- _Task item_:
Print, word for word, the opening line of the data below and every line after it through the line that contains "巧雕红翡花开富贵 翡翠吊坠 尺寸55-42-13毫米", but not the pictures.

- _Records to process_:
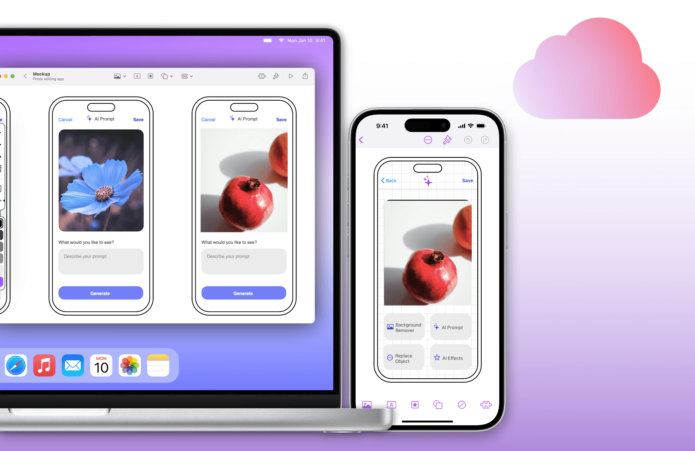 With iCloud Sync, your projects stay up-to-date across all your devices. Detail on iPad with Apple Pencil & magic Keyboard, make quick edits on iPhone, or finish off on Mac—a unified design experience on every device.
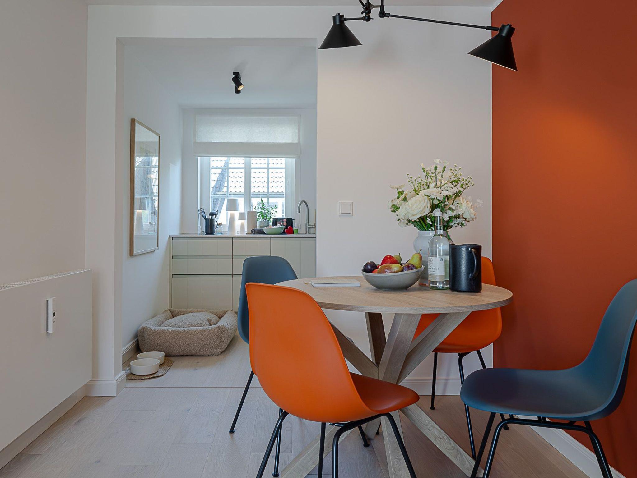 Auf dem Mitteldeck (OG) in Dock 6c betreten Sie die Wohnung und gelangen über den Flur in den geschmackvoll designten Wohn- und Essbereich. Viel Licht, ein für die Insel typisches Eichenparkett und eine anspruchsvolle Einrichtung vermitteln sofort: Das war eine gute Wahl, denn das heiß ersehnte und lang vermisste Sylt-Feeling entfaltet sich sofort.
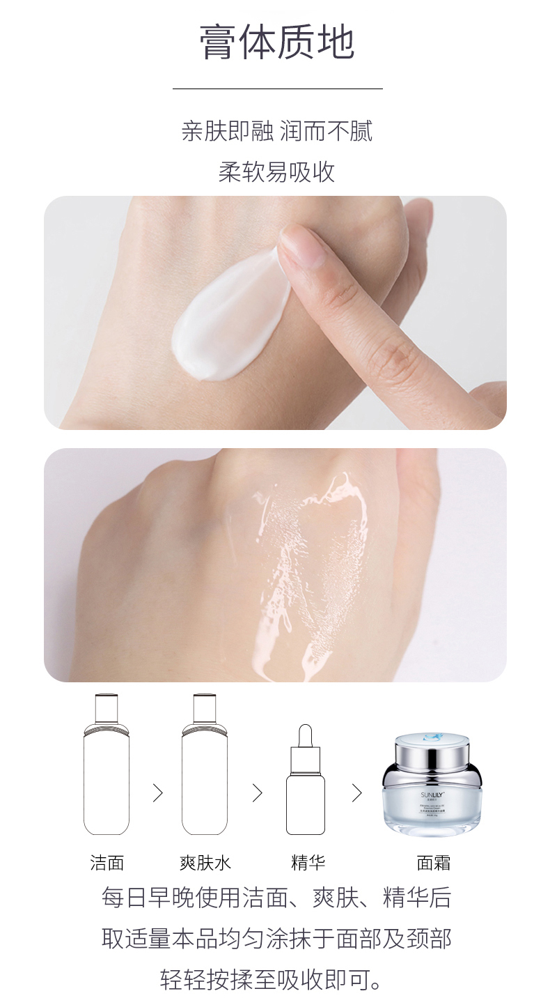 甄选多植物等萃取液成分,修护滋养,焕亮紧致,令肌肤深澈润泽、细腻柔嫩
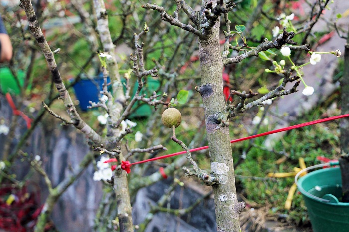 Không chỉ có hoa, những mầm lộc và quả cũng có ở trên các cành lê rừng.
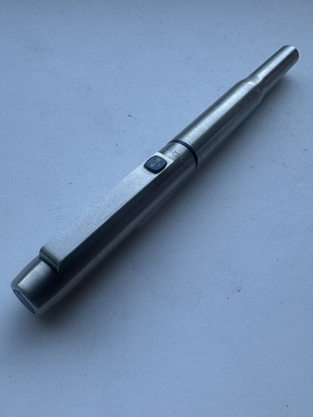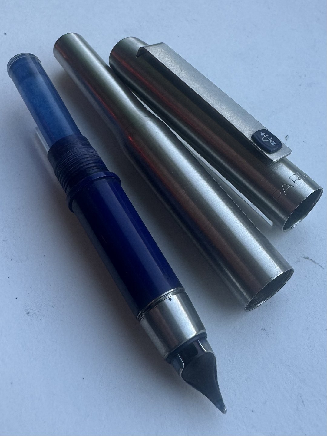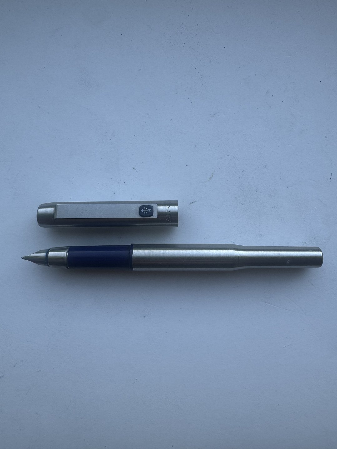 Parker 25 fyldepen i stål fremstillet fra midt i 1970’erne i England. Fremstår i god og skriveklar stand, når der bliver indsat en ny refill blækpatron. 13,2 cm lang.
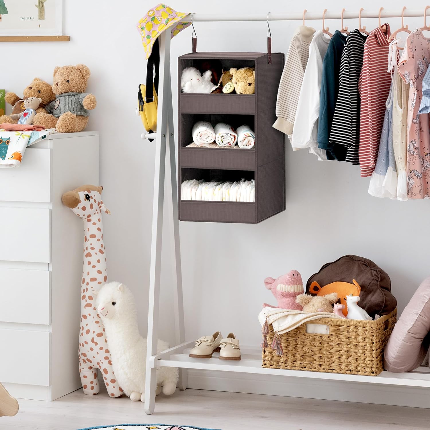 - Leak-Proof Design: Unlike traditional open hangers, our hanging shelf features a unique leak-proof design. Each shelf has a front strip that prevents items from falling off, ideal for storing baby clothes, sweaters, towels, purses, shoes, and other accessories.
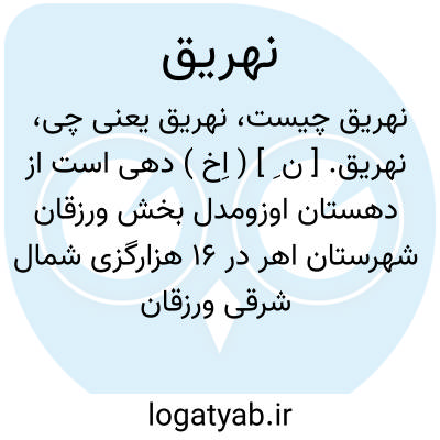نهریق. [ ن ِ ] ( اِخ ) دهی است از دهستان اوزومدل بخش ورزقان شهرستان اهر در 16 هزارگزی شمال شرقی ورزقان و 10هزارگزی جاده تبریز به اهر. در منطقه کوهستانی معتدل هوایی واقع و دارای 564 تن سکنه است. آبش از چشمه، محصولش غلات و حبوبات و شغل اهالی زراعت و گله داری و جاجیم بافی است. ( از فرهنگ جغرافیائی ایران ج 4 ).
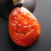 巧雕红翡花开富贵 翡翠吊坠 尺寸55-42-13毫米
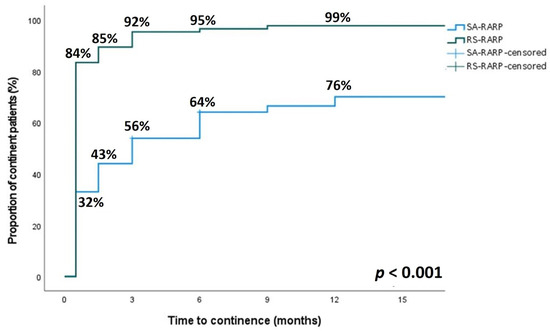 At every postoperative time point, continence was significantly better in the RS-RARP group compared to the SA-RARP group. The two-week continence rate in the RS-RARP group (84%) is higher compared to previously published data, in which early continence rates of 51–76% have been reported [7,9,16,17,18]. Since our definition of continence was similar to other published data [9,15,19,20,21,22], this could be due to small differences in surgical approach and techniques, which we described in detail previously [11].
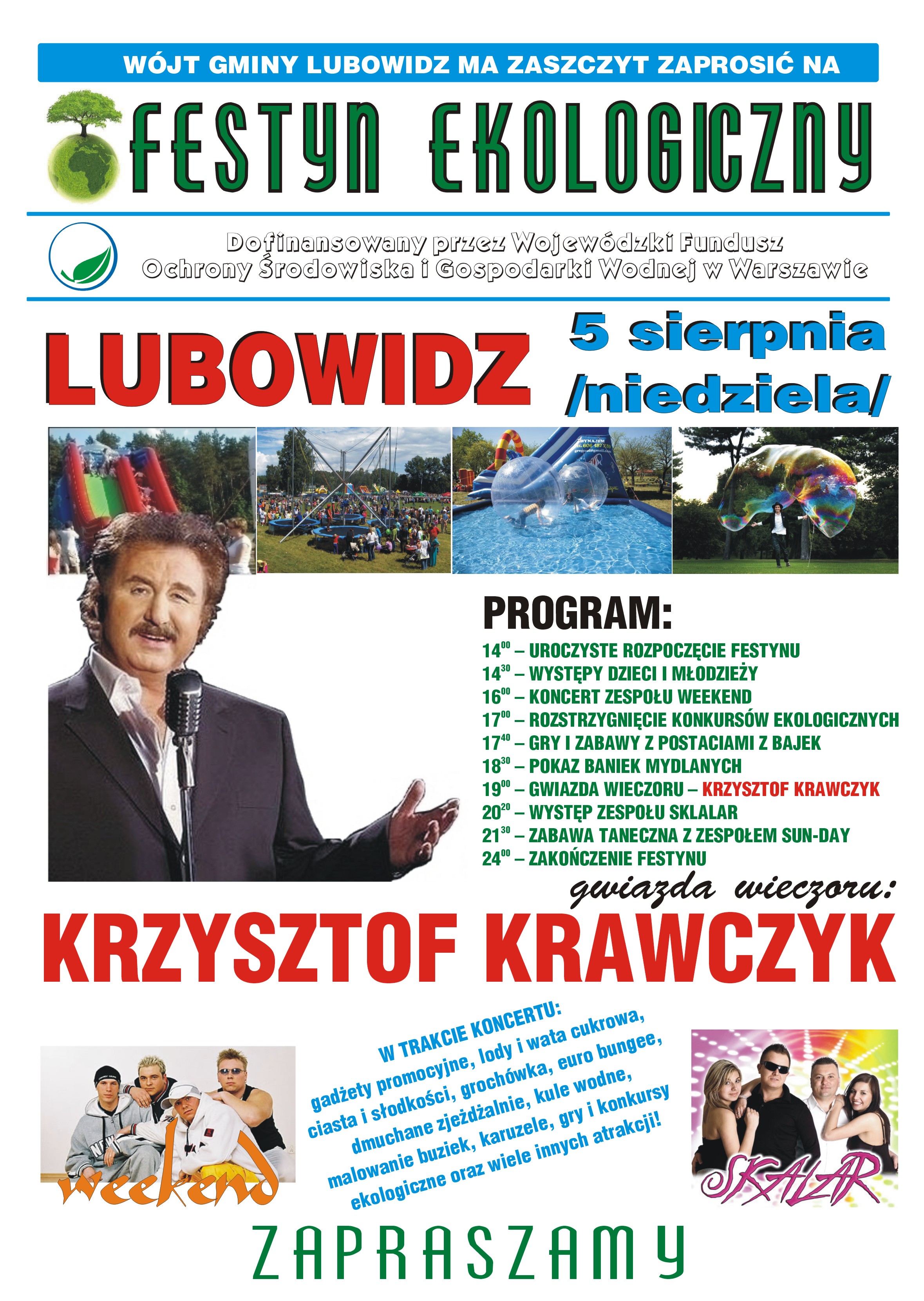 W programie znalazły się występy dzieci i młodzieży, gry i zabawy z postaciami z bajek, pokaz baniek mydlanych. Odbywać się będą konkursy ekologiczne. Zagrają również zespoły Weekend, Sun – Day i Skalar. W czasie trwania festynu będzie można skorzystać z wielu atrakcji: dmuchanych zjeżdżalni, kuli wodnych, karuzeli, malowania buzi i wielu innych. Około godziny 19:00 wystąpi gwiazda wieczoru Krzysztof Krawczyk.
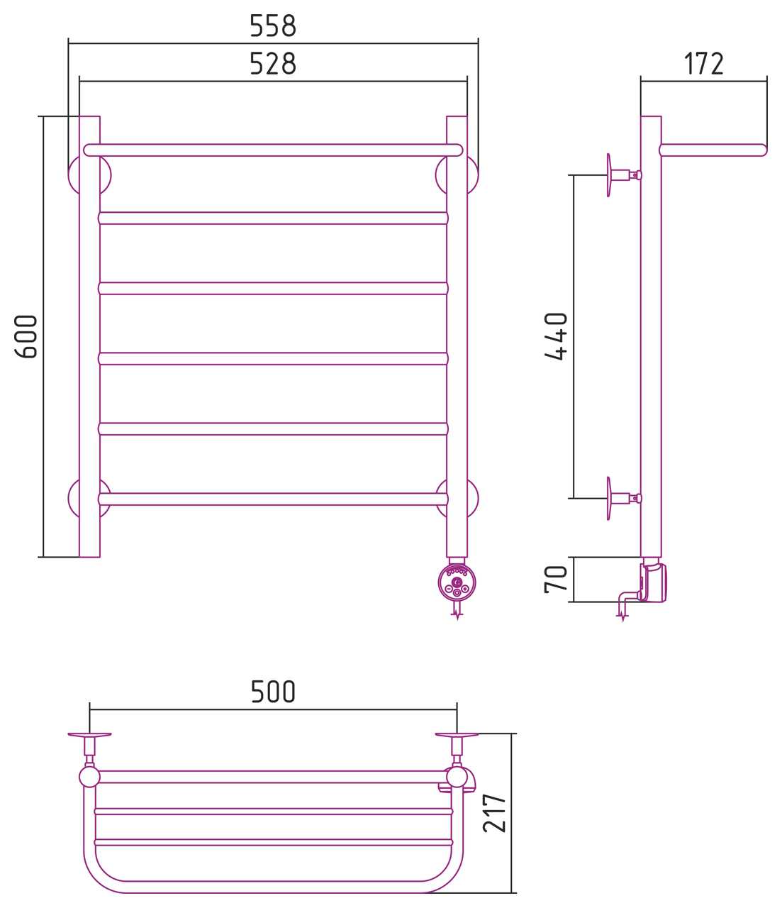 Полотенцесушитель электрический Стилье Формат 20 ТП 600x500 (Полка + 5) П16, хром (00520-6050)
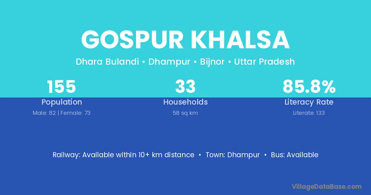 Gospur Khalsa village is located in the Dhampur Tehsil of the Bijnor district in Uttar Pradesh .
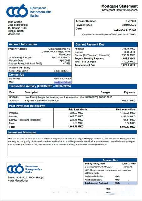 North Macedonia Centralna Kooperativna Banka AD Skopje mortgage statement Word and PDF template download template file

- _Answer section_:
 With iCloud Sync, your projects stay up-to-date across all your devices. Detail on iPad with Apple Pencil & magic Keyboard, make quick edits on iPhone, or finish off on Mac—a unified design experience on every device.
 Auf dem Mitteldeck (OG) in Dock 6c betreten Sie die Wohnung und gelangen über den Flur in den geschmackvoll designten Wohn- und Essbereich. Viel Licht, ein für die Insel typisches Eichenparkett und eine anspruchsvolle Einrichtung vermitteln sofort: Das war eine gute Wahl, denn das heiß ersehnte und lang vermisste Sylt-Feeling entfaltet sich sofort.
 甄选多植物等萃取液成分,修护滋养,焕亮紧致,令肌肤深澈润泽、细腻柔嫩
 Không chỉ có hoa, những mầm lộc và quả cũng có ở trên các cành lê rừng.
 Parker 25 fyldepen i stål fremstillet fra midt i 1970’erne i England. Fremstår i god og skriveklar stand, når der bliver indsat en ny refill blækpatron. 13,2 cm lang.
 - Leak-Proof Design: Unlike traditional open hangers, our hanging shelf features a unique leak-proof design. Each shelf has a front strip that prevents items from falling off, ideal for storing baby clothes, sweaters, towels, purses, shoes, and other accessories.
نهریق. [ ن ِ ] ( اِخ ) دهی است از دهستان اوزومدل بخش ورزقان شهرستان اهر در 16 هزارگزی شمال شرقی ورزقان و 10هزارگزی جاده تبریز به اهر. در منطقه کوهستانی معتدل هوایی واقع و دارای 564 تن سکنه است. آبش از چشمه، محصولش غلات و حبوبات و شغل اهالی زراعت و گله داری و جاجیم بافی است. ( از فرهنگ جغرافیائی ایران ج 4 ).
 巧雕红翡花开富贵 翡翠吊坠 尺寸55-42-13毫米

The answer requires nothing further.